INPUT RECORDS: Begin
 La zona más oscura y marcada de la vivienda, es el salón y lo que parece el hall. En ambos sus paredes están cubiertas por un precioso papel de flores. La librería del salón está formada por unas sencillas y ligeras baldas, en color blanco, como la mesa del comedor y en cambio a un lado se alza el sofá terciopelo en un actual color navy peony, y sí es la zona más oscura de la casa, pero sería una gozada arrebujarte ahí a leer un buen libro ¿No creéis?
INPUT RECORDS: End
INPUT RECORDS: Begin
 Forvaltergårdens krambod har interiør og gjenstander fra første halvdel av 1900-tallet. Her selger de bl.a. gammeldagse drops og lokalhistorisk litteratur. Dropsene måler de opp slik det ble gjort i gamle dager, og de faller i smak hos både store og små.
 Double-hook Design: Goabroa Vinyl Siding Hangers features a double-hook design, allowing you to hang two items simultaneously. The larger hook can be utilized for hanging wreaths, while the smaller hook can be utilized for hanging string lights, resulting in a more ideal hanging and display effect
INPUT RECORDS: End
EXERCISE DESCRIPTION:
The lines to extract from the data above begin with the line containing "Forvaltergårdens krambod har" and end with the line containing "Double-hook Design: Goabroa". Extract them exactly, including both.

OUTPUT OF THE TASK:
 Forvaltergårdens krambod har interiør og gjenstander fra første halvdel av 1900-tallet. Her selger de bl.a. gammeldagse drops og lokalhistorisk litteratur. Dropsene måler de opp slik det ble gjort i gamle dager, og de faller i smak hos både store og små.
 Double-hook Design: Goabroa Vinyl Siding Hangers features a double-hook design, allowing you to hang two items simultaneously. The larger hook can be utilized for hanging wreaths, while the smaller hook can be utilized for hanging string lights, resulting in a more ideal hanging and display effect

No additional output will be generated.